** DIRECTIONS FOR THIS TASK **
For each line in the data below that has the word "voor", copy that line.

-------- DATASET RECORDS

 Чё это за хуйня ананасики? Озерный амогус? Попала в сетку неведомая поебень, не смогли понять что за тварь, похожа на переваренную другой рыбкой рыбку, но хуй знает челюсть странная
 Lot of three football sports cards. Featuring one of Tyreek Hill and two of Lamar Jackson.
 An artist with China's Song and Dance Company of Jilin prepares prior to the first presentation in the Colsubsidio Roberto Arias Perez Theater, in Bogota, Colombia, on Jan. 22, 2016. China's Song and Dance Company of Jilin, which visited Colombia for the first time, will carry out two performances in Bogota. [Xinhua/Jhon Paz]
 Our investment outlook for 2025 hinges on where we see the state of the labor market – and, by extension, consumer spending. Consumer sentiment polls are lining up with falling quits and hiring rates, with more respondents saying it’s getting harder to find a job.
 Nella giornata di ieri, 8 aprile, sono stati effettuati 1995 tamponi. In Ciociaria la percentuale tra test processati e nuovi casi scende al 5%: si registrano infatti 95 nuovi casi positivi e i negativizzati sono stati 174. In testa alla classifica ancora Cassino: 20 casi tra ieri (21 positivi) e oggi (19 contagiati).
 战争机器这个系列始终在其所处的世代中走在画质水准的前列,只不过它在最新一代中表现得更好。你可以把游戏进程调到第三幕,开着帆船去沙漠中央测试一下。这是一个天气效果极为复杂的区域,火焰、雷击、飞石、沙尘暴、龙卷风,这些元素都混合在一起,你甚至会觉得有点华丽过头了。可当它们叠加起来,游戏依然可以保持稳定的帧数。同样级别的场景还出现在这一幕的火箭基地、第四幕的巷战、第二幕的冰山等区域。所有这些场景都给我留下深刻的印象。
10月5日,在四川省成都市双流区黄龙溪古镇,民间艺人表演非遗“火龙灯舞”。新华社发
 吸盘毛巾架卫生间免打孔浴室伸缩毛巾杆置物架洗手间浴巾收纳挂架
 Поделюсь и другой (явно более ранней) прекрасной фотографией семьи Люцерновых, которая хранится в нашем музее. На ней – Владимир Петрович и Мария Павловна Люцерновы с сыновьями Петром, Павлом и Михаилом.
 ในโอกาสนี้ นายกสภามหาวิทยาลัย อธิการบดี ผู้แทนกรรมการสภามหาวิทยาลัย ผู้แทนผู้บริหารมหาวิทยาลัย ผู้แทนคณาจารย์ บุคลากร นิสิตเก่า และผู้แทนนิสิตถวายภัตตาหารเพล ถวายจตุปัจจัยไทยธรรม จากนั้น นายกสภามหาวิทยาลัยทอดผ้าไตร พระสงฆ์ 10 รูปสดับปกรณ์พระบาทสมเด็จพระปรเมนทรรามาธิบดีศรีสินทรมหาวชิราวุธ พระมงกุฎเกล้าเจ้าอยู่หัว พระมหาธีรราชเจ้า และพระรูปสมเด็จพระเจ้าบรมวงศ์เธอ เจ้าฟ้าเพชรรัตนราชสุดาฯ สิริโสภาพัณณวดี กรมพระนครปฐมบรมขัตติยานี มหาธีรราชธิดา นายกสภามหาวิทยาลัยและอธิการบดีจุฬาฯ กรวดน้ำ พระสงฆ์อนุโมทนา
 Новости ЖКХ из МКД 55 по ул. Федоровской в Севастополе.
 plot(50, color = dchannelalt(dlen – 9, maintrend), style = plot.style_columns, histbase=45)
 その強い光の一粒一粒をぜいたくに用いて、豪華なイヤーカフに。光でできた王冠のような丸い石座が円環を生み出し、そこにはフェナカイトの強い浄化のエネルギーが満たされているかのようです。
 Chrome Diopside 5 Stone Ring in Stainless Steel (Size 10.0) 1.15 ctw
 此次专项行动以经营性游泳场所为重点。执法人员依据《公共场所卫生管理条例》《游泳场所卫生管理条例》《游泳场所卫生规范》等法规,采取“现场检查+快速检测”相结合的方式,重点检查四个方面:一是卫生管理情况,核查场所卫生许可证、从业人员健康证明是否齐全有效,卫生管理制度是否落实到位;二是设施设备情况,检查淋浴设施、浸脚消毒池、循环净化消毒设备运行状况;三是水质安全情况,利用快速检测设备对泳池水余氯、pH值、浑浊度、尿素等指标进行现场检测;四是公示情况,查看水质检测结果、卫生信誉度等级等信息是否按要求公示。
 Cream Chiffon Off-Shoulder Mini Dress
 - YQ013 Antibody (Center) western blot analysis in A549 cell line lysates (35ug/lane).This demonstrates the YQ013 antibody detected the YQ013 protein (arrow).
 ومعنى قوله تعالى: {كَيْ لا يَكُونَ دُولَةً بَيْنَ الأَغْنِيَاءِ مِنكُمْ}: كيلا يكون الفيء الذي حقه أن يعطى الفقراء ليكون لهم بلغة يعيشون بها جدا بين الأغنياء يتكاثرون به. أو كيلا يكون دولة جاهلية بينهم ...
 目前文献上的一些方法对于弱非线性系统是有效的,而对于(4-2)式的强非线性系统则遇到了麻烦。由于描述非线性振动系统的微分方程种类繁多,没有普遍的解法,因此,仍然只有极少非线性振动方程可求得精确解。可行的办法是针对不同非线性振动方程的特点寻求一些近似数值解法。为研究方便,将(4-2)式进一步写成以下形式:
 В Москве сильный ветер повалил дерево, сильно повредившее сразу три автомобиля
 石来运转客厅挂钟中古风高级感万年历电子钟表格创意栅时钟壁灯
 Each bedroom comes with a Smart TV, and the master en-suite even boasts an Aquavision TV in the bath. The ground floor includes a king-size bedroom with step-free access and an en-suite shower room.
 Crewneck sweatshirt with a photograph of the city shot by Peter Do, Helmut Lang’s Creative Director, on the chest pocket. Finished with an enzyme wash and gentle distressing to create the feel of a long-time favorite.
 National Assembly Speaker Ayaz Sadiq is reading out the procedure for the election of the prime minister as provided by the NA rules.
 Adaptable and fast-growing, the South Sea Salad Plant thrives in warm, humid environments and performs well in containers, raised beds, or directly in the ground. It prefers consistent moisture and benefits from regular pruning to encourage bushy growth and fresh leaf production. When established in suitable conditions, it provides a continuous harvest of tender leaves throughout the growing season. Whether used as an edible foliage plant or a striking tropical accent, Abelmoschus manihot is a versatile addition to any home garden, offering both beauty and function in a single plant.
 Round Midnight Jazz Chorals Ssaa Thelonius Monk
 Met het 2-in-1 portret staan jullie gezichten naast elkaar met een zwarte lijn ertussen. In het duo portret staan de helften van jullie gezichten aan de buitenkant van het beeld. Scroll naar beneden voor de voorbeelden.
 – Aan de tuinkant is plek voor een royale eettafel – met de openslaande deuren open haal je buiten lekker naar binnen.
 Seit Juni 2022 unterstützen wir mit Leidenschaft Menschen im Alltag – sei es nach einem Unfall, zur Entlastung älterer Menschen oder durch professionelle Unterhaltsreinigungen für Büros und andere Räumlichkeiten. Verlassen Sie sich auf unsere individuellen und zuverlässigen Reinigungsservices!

----------------

** SOLUTION BELOW **
 Met het 2-in-1 portret staan jullie gezichten naast elkaar met een zwarte lijn ertussen. In het duo portret staan de helften van jullie gezichten aan de buitenkant van het beeld. Scroll naar beneden voor de voorbeelden.
 – Aan de tuinkant is plek voor een royale eettafel – met de openslaande deuren open haal je buiten lekker naar binnen.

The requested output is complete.